Opinion | The Aadhaar verdict: everybody lost4 min read . Updated: 02 Oct 2018, 01:11 PM IST
It should be possible to use the Aadhaar infrastructure, under its current PPP model, to provide benefits that the judgment has endorsed
By noon last Wednesday, it seemed as if everybody had lost. The petitioners, journalists and civil society activists, who believed that Aadhaar was a thinly veiled surveillance machine that needed to be shut down, had lost. Not only was Aadhaar upheld, the majority brusquely set aside their claims of surveillance and exclusion, declaring that the suffering of 0.23% could not deny the remaining 99.7%, their benefits.
The government had been hoping for a ringing endorsement of the identity scheme that had become the central nervous system of its system of digital governance. But it had to come to terms with an Aadhaar whose basic construct had been upheld, but whose wings had been so cruelly clipped that it was reduced to an unrecognizable shadow of what it was and might have been.
Even the Supreme Court, the venerable institution that over the last few months had covered itself with glory and become a beacon of hope in an increasingly Kafkaesque world, lost some of its lustre. Its judgment in the Aadhaar case was fractured and inconsistent, the rift between the majority and minority judgments so stark that one commentator wondered whether the judges had been sitting in the same room and listening to the same facts.

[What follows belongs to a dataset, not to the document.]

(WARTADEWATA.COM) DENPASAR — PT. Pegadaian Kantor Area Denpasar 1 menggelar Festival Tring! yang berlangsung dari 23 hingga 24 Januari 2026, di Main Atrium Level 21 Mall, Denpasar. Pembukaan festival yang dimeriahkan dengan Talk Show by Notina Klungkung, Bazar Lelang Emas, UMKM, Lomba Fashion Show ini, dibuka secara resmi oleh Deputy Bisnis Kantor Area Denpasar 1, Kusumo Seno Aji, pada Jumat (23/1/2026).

But, it is those outside Courtroom 1—the billion spectators who watched from the sidelines as this titanic battle played out—who seemed to have lost the most. This was a judgment that offered no clarity or finality, its lofty pronouncements seemingly disconnected from reality, without thought to the implications or social costs of implementation.

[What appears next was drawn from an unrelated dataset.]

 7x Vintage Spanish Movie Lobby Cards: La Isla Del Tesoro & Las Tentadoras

And at the heart of this all was the confusion over the continuing role of the private sector. The Supreme Court had held that allowing the private sector to access biometric and demographic information was tantamount to enabling their commercial exploitation of this information. So, the court ruled, that portion of Section 57 that enables bodies corporate and individuals to seek authentication, was unconstitutional. There is considerable confusion as to what this statement really means. Does it imply that no private entities whatsoever can use the authentication infrastructure? If so, how does that interpretation square with the rest of the judgment that unequivocally upholds the use of Aadhaar for the purposes of dispensing subsidies and other government benefits?
As a matter of fact, much of Aadhaar’s infrastructure has been built using the public private participation (PPP) model. Many of the government services whose continued use has been upheld by the Supreme Court, function on top of an authentication framework operated by the private sector. It could not have been the Supreme Court’s intention to, on the one hand uphold these schemes while at the same time striking down their means of operation.
Take, for instance Jeevan Praman, a scheme that has, since 2014, been used by over 15 million pensioners to collect their pensions. By leveraging Aadhaar authentication, retirees collect their pension from the nearest kirana store instead of having to physically present themselves before a disbursing officer. If private entities can no longer use the authentication system, the aged will have to once again make an arduous trek to collect their due.
Migrant workers use the Aadhaar-enabled payment system to send money home. It is estimated that over 125 million people use the system to conduct over 150 million transactions every month. The entire system is operated by business correspondents (often private entities) who use Aadhaar authentication to verify people making as well as receiving payment. If this infrastructure is shut down, the poorest sections of society will once again be at the mercy of hawala operators to transfer their earnings home.
Microfinance and flow-based lending companies use Aadhaar enabled e-KYC (know your customer) to drastically reduce the cost of loans — from ₹ 1,500 down to as low as ₹ 20 in some cases. Thanks to this, it has become possible to provide loans of a much smaller ticket size to people who were otherwise ineligible to avail them. If the Aadhaar authentication infrastructure can no longer be used to process these loans, those sections of the economy who need it the most, will once again find themselves excluded from the financial system.
The same is true for almost all the government subsidies and benefits that the Supreme Court has recognised are the legitimate purposes of the Aadhaar scheme. Since these benefits are disbursed to their intended recipients using PPP frameworks, if the private sector is completely prohibited from accessing this infrastructure, the various schemes that the Supreme Court itself has upheld as legitimate use of Aadhaar, will be forced to shut down.
This cannot have been the outcome that the Supreme Court intended. The Court’s stated objective was to prevent commercial exploitation of the biometric and demographic information of Aadhaar number holders by private entities. It could not have intended for this to come in the way of the use of Aadhaar for the very purposes that the Court has approved—providing benefits to poorer sections of the society. It should be possible to use the Aadhaar infrastructure, under its current PPP model, to provide these benefits that the judgment has endorsed, so long as commercial exploitation by the private sector can be curtailed. It will now be up to the government to figure out how to achieve this.
Disclosure: The author was involved in the Aadhaar case representing private sector companies that had filed an intervention application.